-- WHAT TO DO --
Give the lines below again, exactly as they stand, and leave out the images.

-- THE DATA --
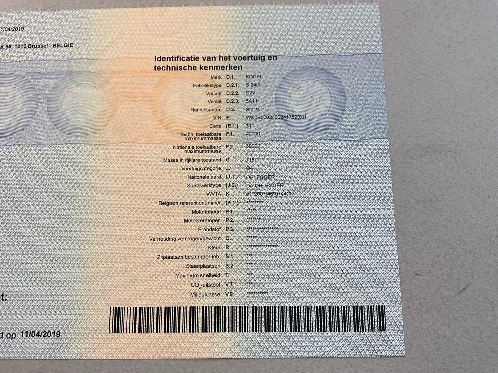 Voorzien van WABCO SmartBoard, liftas, pneumatische ophanging, steunpoten JOST Modul B0402. Bandenmaat: 385/65 R22.5. Profieldiepte banden: 6,26mm, 7,62mm, 13,33mm, 13,06mm, 7,58mm, 6,2mm. Aanwezige documenten: Kentekenbewijs deel I, Kentekenbewijs deel II, Identificatieverslag, Gelijkvormigheidsattest, Keuringsbewijs, TÜV Nord certificaat. Nee Merk: KÖGEL Type: SN 24 Type aanhangwagencarrosserie: Schuifzeilaanhangwagen Bouwjaar: 2019 Chassisnummer VIN: WK0S0002400241759 Datum eerste toelating: 8/4/2019 APK vervaldatum: 17/4/2026 Aantal assen: 3 Laadvermogen: 34820kg Eigen gewicht: 7180kg Totale afmeting L: 13950mm Totale afmeting Breedte: 2550mm Totale afmeting Hoogte: 4000mm
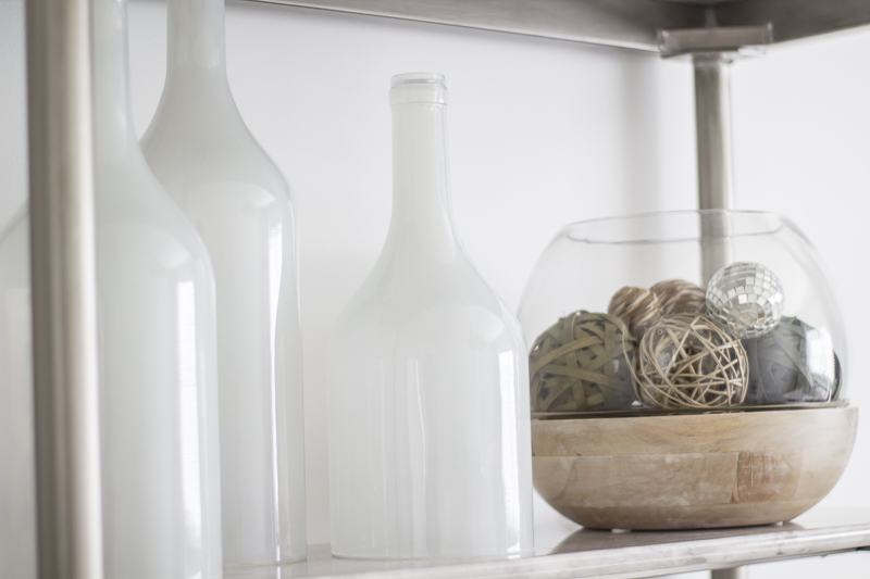 The beautiful cloche glass bottles add some visual interest and height to the large bookcase. The terrarium bowl also adds some depth to the shelf.
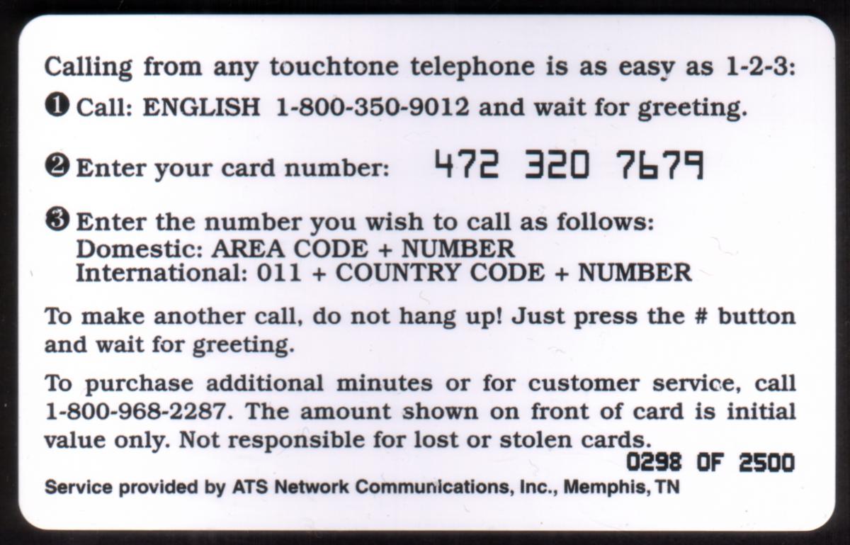 Since we have the world's largest inventory of USA phonecards for collectors, you will not necessarily receive the identical serial/batch/PIN number that we have scanned/pictured.

-- SOLUTION FOR THIS PROBLEM --
 Voorzien van WABCO SmartBoard, liftas, pneumatische ophanging, steunpoten JOST Modul B0402. Bandenmaat: 385/65 R22.5. Profieldiepte banden: 6,26mm, 7,62mm, 13,33mm, 13,06mm, 7,58mm, 6,2mm. Aanwezige documenten: Kentekenbewijs deel I, Kentekenbewijs deel II, Identificatieverslag, Gelijkvormigheidsattest, Keuringsbewijs, TÜV Nord certificaat. Nee Merk: KÖGEL Type: SN 24 Type aanhangwagencarrosserie: Schuifzeilaanhangwagen Bouwjaar: 2019 Chassisnummer VIN: WK0S0002400241759 Datum eerste toelating: 8/4/2019 APK vervaldatum: 17/4/2026 Aantal assen: 3 Laadvermogen: 34820kg Eigen gewicht: 7180kg Totale afmeting L: 13950mm Totale afmeting Breedte: 2550mm Totale afmeting Hoogte: 4000mm
 The beautiful cloche glass bottles add some visual interest and height to the large bookcase. The terrarium bowl also adds some depth to the shelf.
 Since we have the world's largest inventory of USA phonecards for collectors, you will not necessarily receive the identical serial/batch/PIN number that we have scanned/pictured.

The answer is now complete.